### Requirement
Once you find the line with "4. Si besoin, ajouter" in the listing below, set down exactly every line from it through the line with "Cioppino is an", but no pictures.

### Source material
>>>

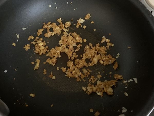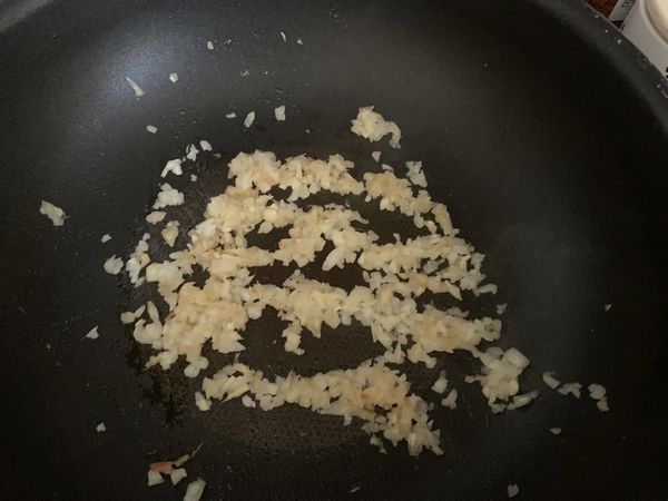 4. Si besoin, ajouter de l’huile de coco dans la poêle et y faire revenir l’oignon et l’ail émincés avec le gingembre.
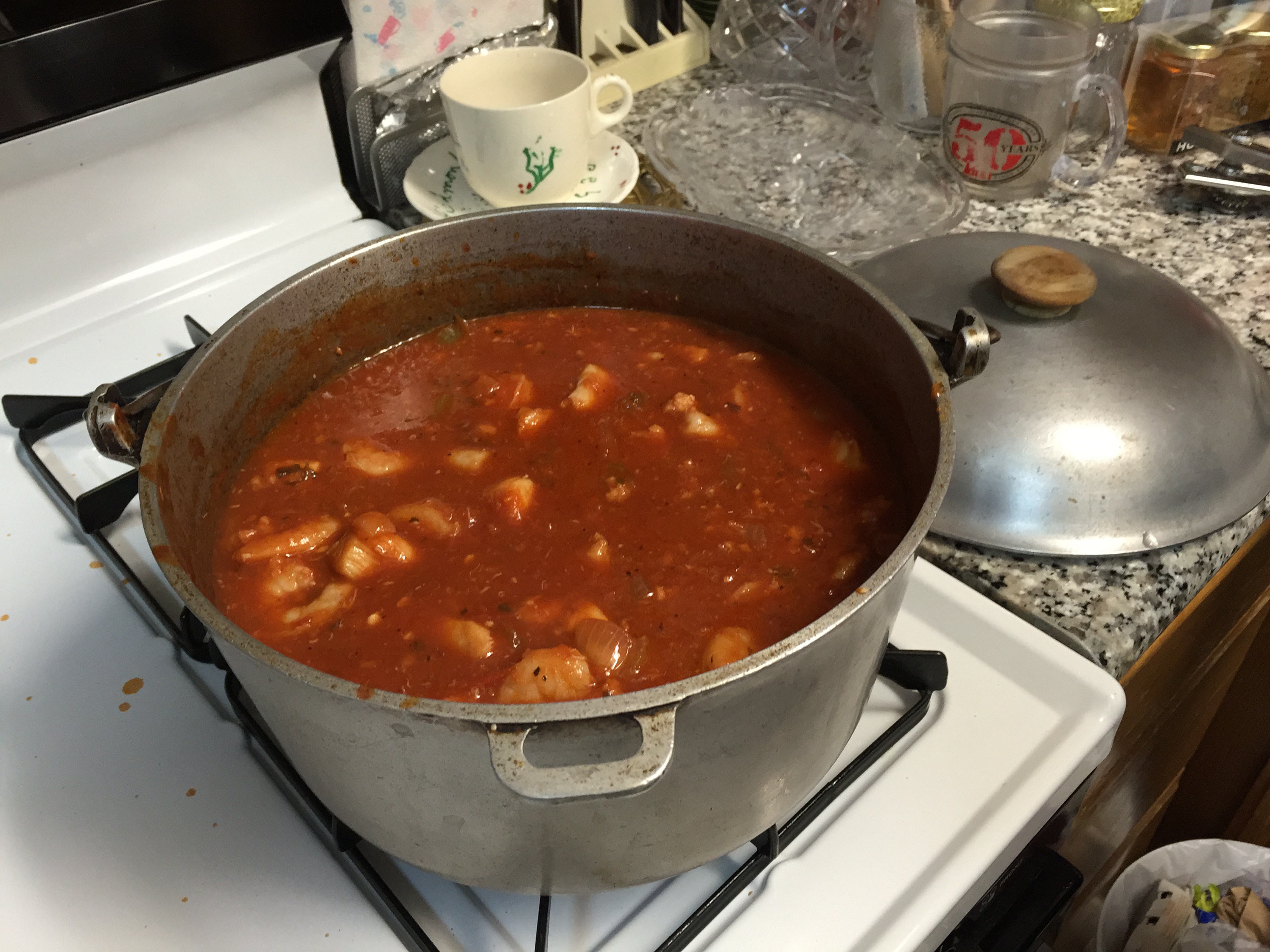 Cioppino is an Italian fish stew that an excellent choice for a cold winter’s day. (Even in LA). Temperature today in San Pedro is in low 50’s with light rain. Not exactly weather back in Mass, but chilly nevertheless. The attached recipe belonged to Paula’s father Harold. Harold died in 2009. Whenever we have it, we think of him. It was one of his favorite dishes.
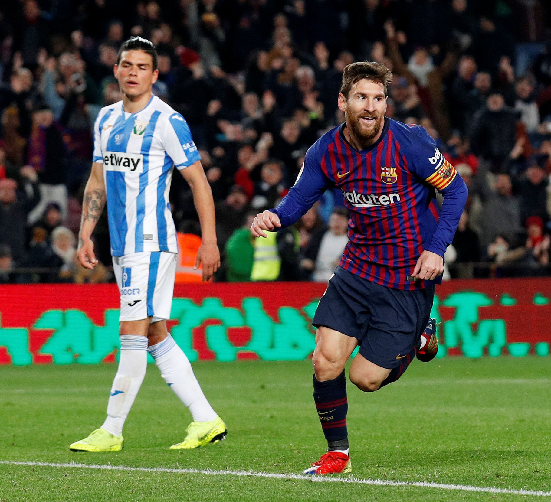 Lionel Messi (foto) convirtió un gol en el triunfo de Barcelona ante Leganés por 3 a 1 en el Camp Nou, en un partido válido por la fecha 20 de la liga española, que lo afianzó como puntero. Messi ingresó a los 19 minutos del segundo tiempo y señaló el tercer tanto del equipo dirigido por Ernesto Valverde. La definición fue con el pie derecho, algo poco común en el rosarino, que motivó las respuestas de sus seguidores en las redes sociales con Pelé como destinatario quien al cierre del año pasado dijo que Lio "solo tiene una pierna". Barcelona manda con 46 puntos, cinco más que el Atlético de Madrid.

<<<
>>>

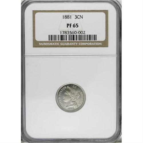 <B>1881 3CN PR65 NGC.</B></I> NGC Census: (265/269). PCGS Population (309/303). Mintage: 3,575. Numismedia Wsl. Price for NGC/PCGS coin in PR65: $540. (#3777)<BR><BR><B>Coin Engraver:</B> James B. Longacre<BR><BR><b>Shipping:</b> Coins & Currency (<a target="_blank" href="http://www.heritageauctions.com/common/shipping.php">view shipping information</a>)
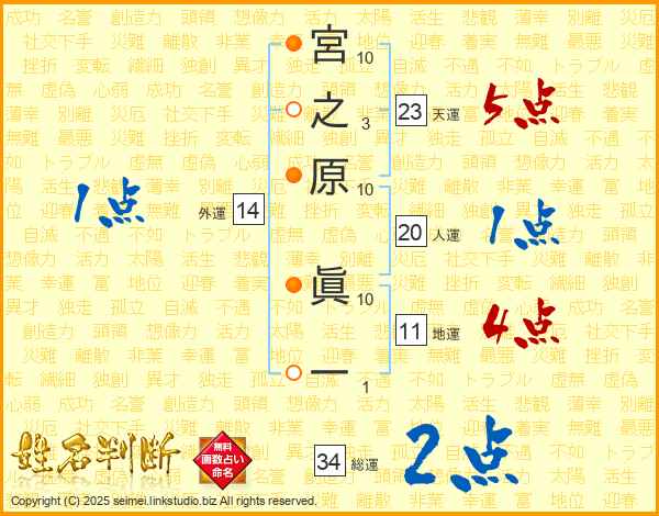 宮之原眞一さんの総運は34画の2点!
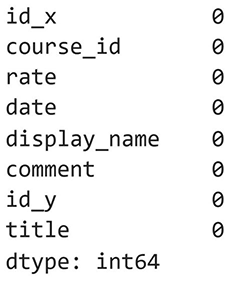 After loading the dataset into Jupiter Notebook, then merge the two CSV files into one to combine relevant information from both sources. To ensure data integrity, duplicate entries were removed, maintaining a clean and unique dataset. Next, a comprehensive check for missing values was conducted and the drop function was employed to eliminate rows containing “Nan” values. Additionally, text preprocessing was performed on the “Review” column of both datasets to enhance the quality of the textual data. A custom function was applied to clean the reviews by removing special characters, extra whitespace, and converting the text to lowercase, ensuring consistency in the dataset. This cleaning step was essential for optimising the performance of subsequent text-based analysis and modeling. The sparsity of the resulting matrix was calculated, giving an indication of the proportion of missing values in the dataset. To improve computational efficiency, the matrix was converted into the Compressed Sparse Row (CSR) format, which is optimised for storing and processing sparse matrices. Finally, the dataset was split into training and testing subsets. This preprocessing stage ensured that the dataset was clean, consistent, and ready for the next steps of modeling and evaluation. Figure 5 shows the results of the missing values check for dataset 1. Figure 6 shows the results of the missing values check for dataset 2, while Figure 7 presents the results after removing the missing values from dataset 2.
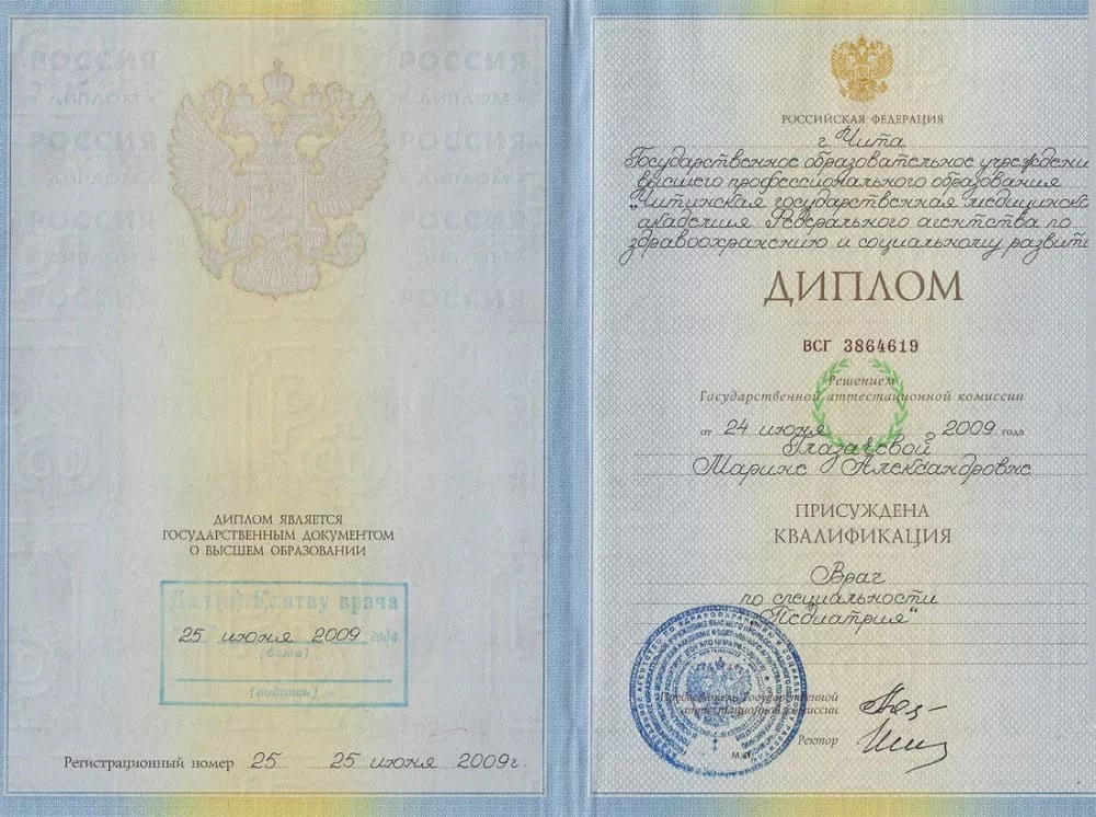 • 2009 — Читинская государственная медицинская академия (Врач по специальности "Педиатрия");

<<<
>>>

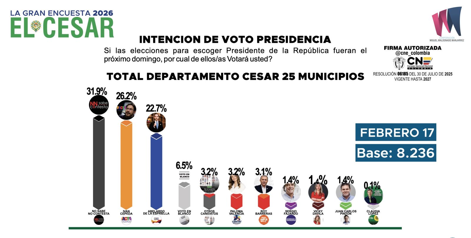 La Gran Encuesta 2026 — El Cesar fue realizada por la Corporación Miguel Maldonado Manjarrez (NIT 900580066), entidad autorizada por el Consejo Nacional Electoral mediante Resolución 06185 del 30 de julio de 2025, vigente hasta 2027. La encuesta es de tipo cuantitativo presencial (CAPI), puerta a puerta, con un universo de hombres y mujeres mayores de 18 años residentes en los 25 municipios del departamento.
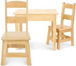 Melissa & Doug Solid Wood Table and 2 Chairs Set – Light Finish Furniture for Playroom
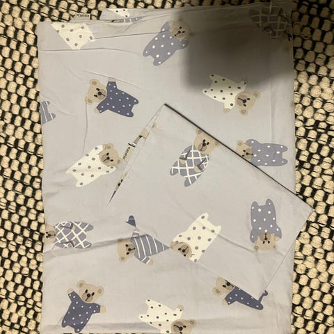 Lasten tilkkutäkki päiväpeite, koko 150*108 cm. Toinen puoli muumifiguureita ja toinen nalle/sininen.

<<<

### Reply
 4. Si besoin, ajouter de l’huile de coco dans la poêle et y faire revenir l’oignon et l’ail émincés avec le gingembre.
 Cioppino is an Italian fish stew that an excellent choice for a cold winter’s day. (Even in LA). Temperature today in San Pedro is in low 50’s with light rain. Not exactly weather back in Mass, but chilly nevertheless. The attached recipe belonged to Paula’s father Harold. Harold died in 2009. Whenever we have it, we think of him. It was one of his favorite dishes.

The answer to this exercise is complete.